The result should be the lines from the one holding "집에서 놀고 있는 소면, 언제" to the final line of the records below, repeated exactly and with no pictures.

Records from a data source
********************

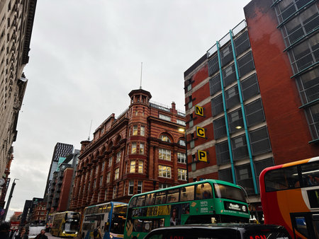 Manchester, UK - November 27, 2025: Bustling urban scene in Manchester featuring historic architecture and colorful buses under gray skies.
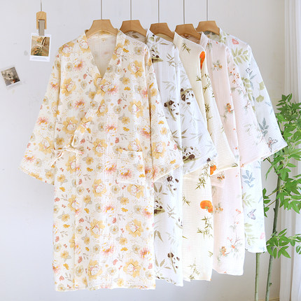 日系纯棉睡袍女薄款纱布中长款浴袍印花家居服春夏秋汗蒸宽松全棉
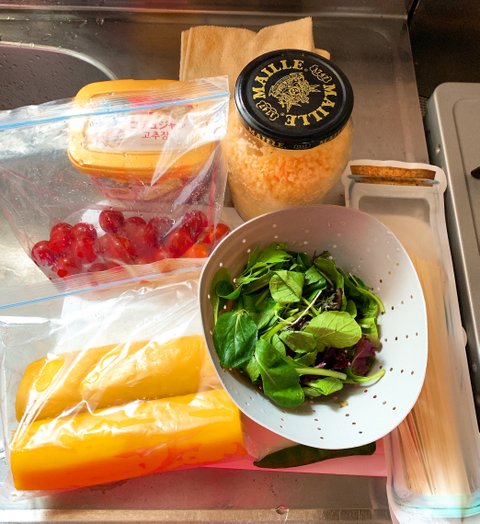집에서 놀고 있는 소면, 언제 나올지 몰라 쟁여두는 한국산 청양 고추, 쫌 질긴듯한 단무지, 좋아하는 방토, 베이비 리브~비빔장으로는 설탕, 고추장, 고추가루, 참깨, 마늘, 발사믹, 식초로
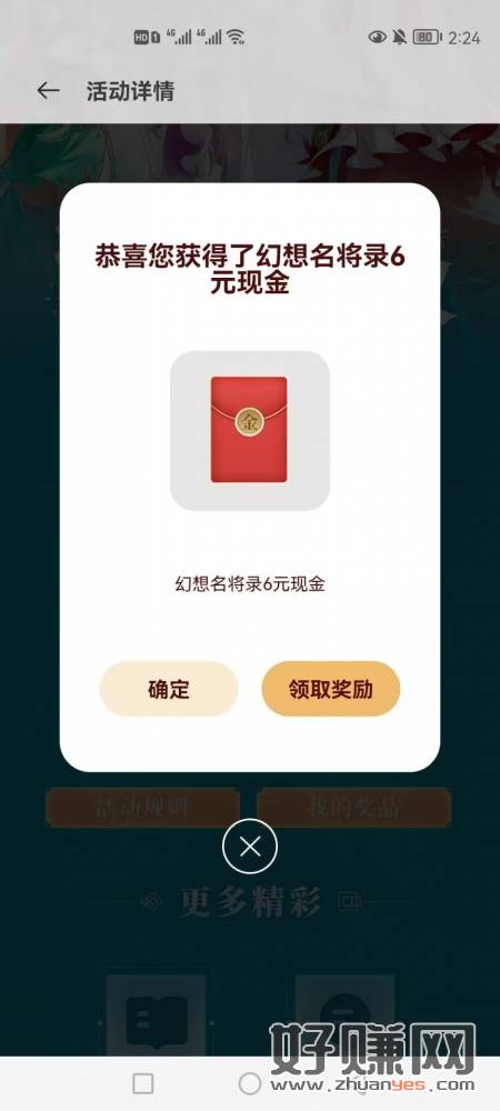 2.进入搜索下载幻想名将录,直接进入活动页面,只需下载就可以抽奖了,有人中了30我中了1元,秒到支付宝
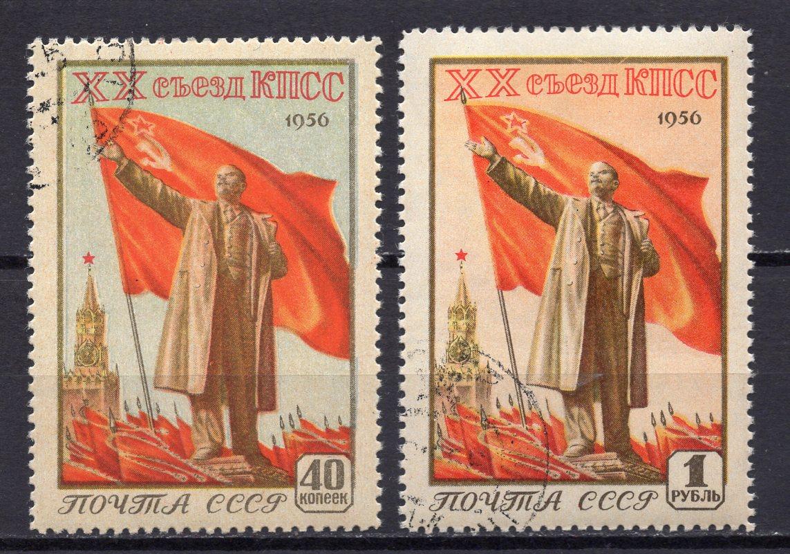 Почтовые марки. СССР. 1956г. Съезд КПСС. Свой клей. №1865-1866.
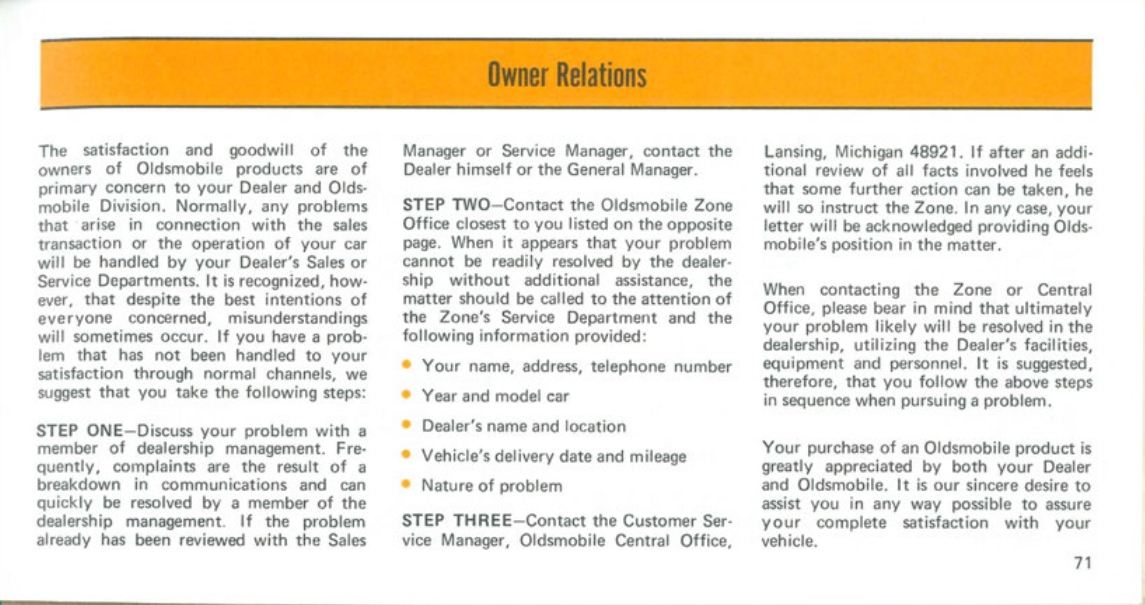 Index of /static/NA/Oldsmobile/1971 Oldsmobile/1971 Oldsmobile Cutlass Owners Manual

********************

■ ANSWER TO THIS TASK ■
집에서 놀고 있는 소면, 언제 나올지 몰라 쟁여두는 한국산 청양 고추, 쫌 질긴듯한 단무지, 좋아하는 방토, 베이비 리브~비빔장으로는 설탕, 고추장, 고추가루, 참깨, 마늘, 발사믹, 식초로
 2.进入搜索下载幻想名将录,直接进入活动页面,只需下载就可以抽奖了,有人中了30我中了1元,秒到支付宝
 Почтовые марки. СССР. 1956г. Съезд КПСС. Свой клей. №1865-1866.
 Index of /static/NA/Oldsmobile/1971 Oldsmobile/1971 Oldsmobile Cutlass Owners Manual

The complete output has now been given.